Thursday, March 7, 2013

He was not thinking of politics, just whether or not a book spoke to him

From Reading Wuthering Heights in Kenya by Helen Rittelmeyer.

Do children have to read about characters only like themselves as some activists claim? This vignette offers a contrafactual.
The trouble is figuring out which books will appeal across cultural boundaries. Philip Roth, Edith Wharton, and Louis Auchincloss could all be called regional authors, but I wouldn’t want to assume that their appeal is only regional. (Though Philip Roth obviously isn’t a hit in Sweden—yet.) It is difficult to predict whether a book will pall when it leaves its home borders. The only real way to know is to try it.

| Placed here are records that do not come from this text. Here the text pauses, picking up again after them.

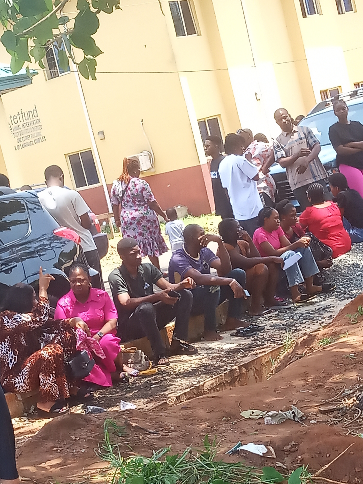 The image shows a group of people gathered outside a light yellow building in Ukwu-Abwa, Nigeria. The building has windows and a sign that includes the word "tetfund." Some people are sitting on the gā¦read more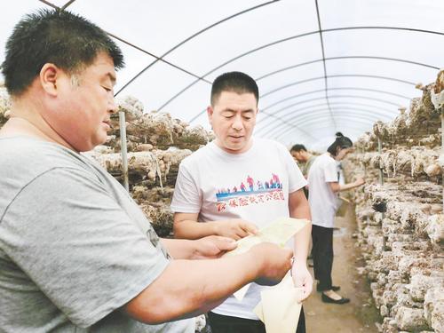 中國太保產(chǎn)險(xiǎn)河北分公司工作人員走訪查看食用菌種植情況。李辰 攝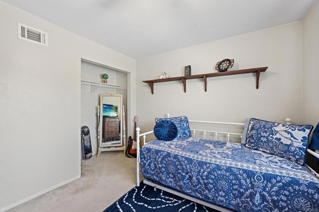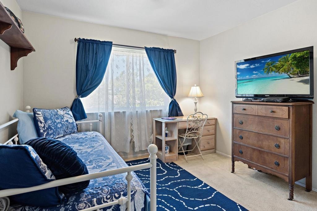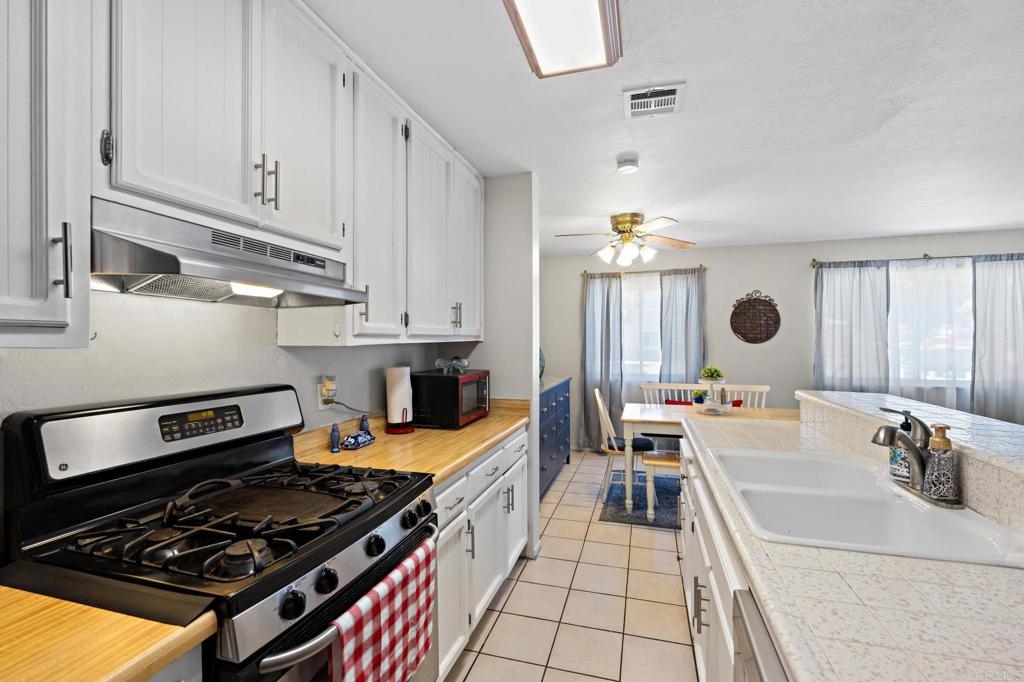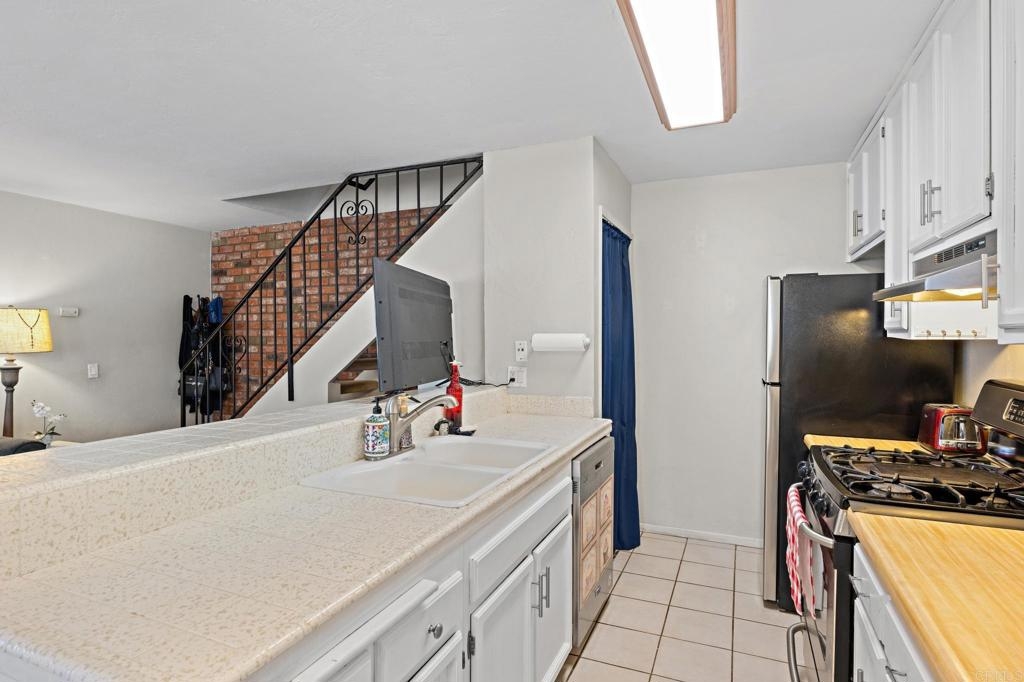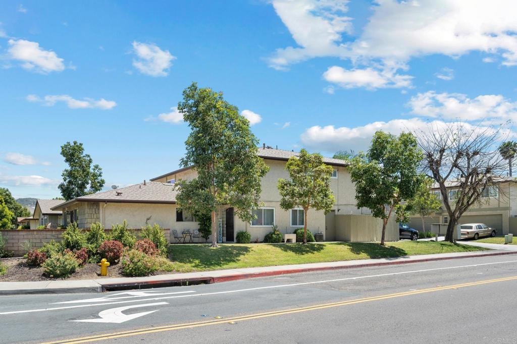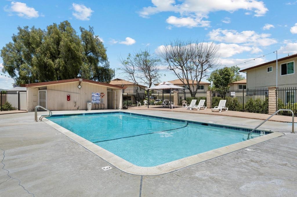 This beautiful corner-unit condo is the best deal in Santee. Dual paned windows, with tile floors & counters, walk-in closet, ceiling fan, and central air. No neighbors above or below and lives like a single-family home. HOA covers hot and cold water, trash, common area maintenance, and the pool! Walking distance to shopping and trolley! The shared garage/carport has storage.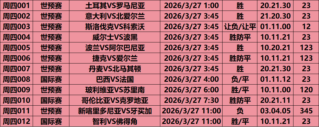 丹麦已连续缺席2018、2022两届世界杯,本次是球队重返世界杯的绝佳机会,主场作战战意拉满;北马其顿素有“巨人杀手”之称,曾在2022世预赛爆冷淘汰意大利,队史从未闯入世界杯正赛,本次迎来历史性突破机会,客场主打极致防守反击战术,两队硬实力差距显著,但丹麦后防线的稳定性是本场最大变数。
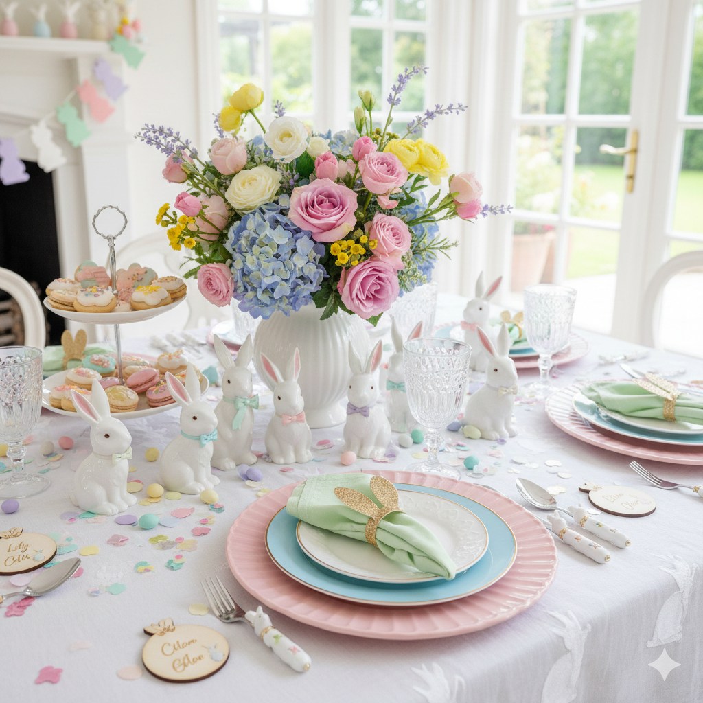 - Bunny accents: Ceramic bunny figurines, bunny-shaped napkin rings, or place cards with bunny ears instantly set the mood.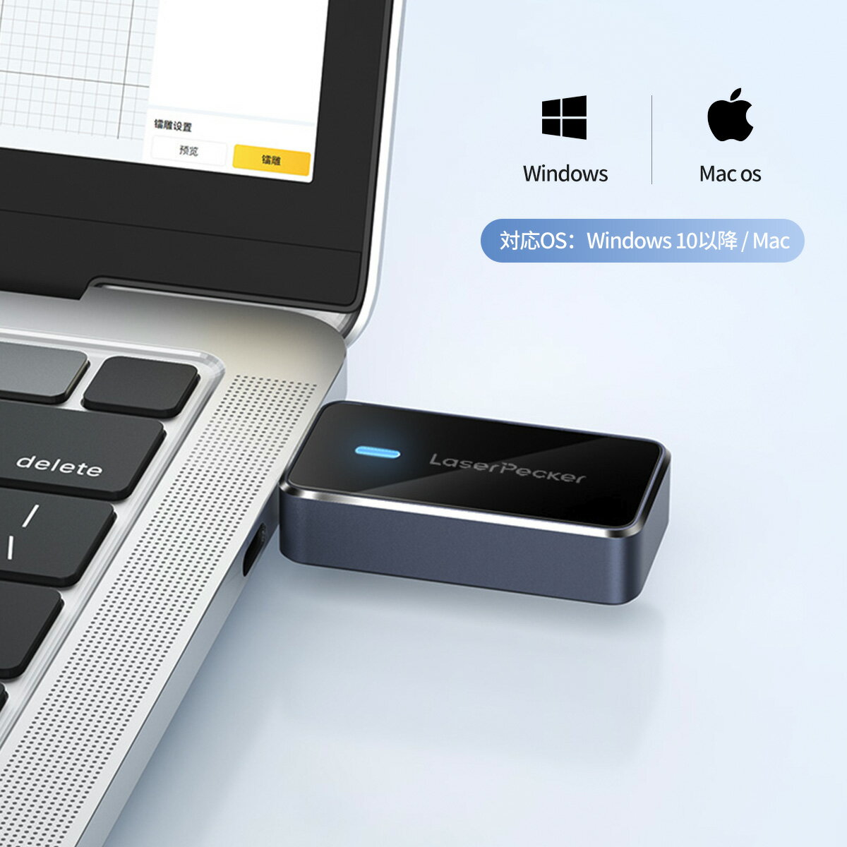 LaserPecker Bluetoothアダプタについて ●【小型サイズ】LaserPecker PC 用 Bluetoothアダプタは小型で軽量で持ち運びが簡単で、手に持ったり、ポケットやハンドバッグに入れたりできます。 ●【使い方は簡単】コンピューターの USB-A ポートに接続し、LaserPecker Design Space PC プログラムを開いてレーザー彫刻機に接続するだけです。 ●【優れた互換性】当社の PC 用 Bluetoothアダプタは、Windows と macOS システムの両方と互換性があります。 ●【互換性】LP2/LP3/LP4 ●【材質】アルミニウム合金とガラス ●【重量】15.75g ●【カラー】グレー ●【使用方法】まずPCでLaserPecker Design Spaceアプリをダウンロードし、アプリのガイドに従ってドライブファイルをダウンロードし、インストールしてから 、Bluetoothアダプタをパソコンに差し込むと使用できます。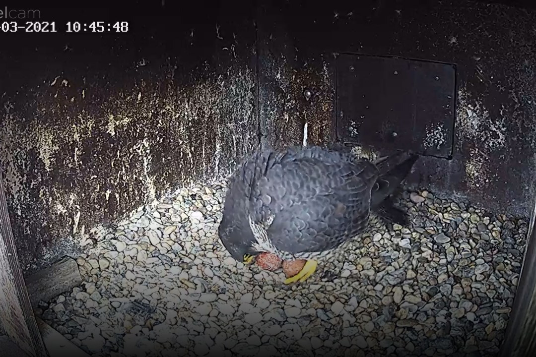 In den stürmischen frühen Morgenstunden des 12.3.2021 hat unsere Wanderfalkendame das erste Ei gelegt! Nun werden in den nächsten Tagen noch zwei bis drei weitere Folgen, bis das Gelege (etwa vier Eier) vollständig ist. Ab dann wird auch bebrütet. Also nicht besorgt sein, wenn die Falken die Eier für längere Zeit allein oder ohne Wärme lassen, das ist ganz normal.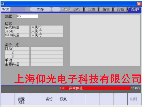 4.選擇完裝置后,按下“備份”→“INPUT”→“Y”,此時(shí)屏幕顯示“備份執(zhí)行中”。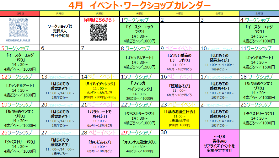 2026年4月のイベント・ワークショップについてお知らせです。

The novelist James Ngugi (who now goes by his Kikuyu name Ngugi wa Thiong’o) was educated in colonial Kenya, first at a mission school, then a village school, then a British-style boarding school for black students. His memoir of his schooldays, released two months ago, tells of his attempt to read every book in his boarding school library—not a strange ambition for a boy who would grow up to be a Nobel contender. Almost all of the books were written by white European authors. This alienated him in some cases, but by no means all:

Good: Three Men in a Boat; Wuthering Heights (“the winds of the Yorkshire moors reminded me of the frosty winds in Limuru in July”); Tolstoy’s childhood memoirs; A Midsummer Night’s Dream (“recalls the magic of African oral tradition”); As You Like It (“I could not help comparing the pairs of exiles in Arden to my brother, Good Wallace,” who had run off to join the Mau Mau); Treasure Island; Sherlock Holmes; Robin Hood; the Grimms; Aesop; Hans Cristian Andersen.

Bad: King Solomon’s Mines (“could not stand without a savage Africa as the background”); With Clive in India; Biggles in Africa (though the other Biggles books were fine); any poem about flowers and seasons (“in Kenya there was sunshine and green life all year round, and flowers were never a thing of surprise”).

The breadth of his taste is probably disappointing to those who wish he had torn up his library card and proclaimed “These books are irrelevant to me as a black student.” It must also disappoint those who assume that the appeal of great books is always universal. I figured the nature poems of the Romantics would speak to anyone who had ever been outside, so his line about flowers being ho-hum to a Kenyan threw me a bit. But that’s the point—it’s very hard for an outsider to predict what will fall flat and what will resonate. (Three Men in a Boat?)
[snip]
But the opinions in his memoir are those of a teenage boy, which makes them immature but also very honest. He was not thinking of politics, just whether or not a book spoke to him. There are two lessons to be drawn from this: that, contra the canon warriors, sometimes smart people should be taken at their word when they say that a great work of literature just doesn’t speak to their cultural experience; and that this often has very little to do with whether or not the author looks like them.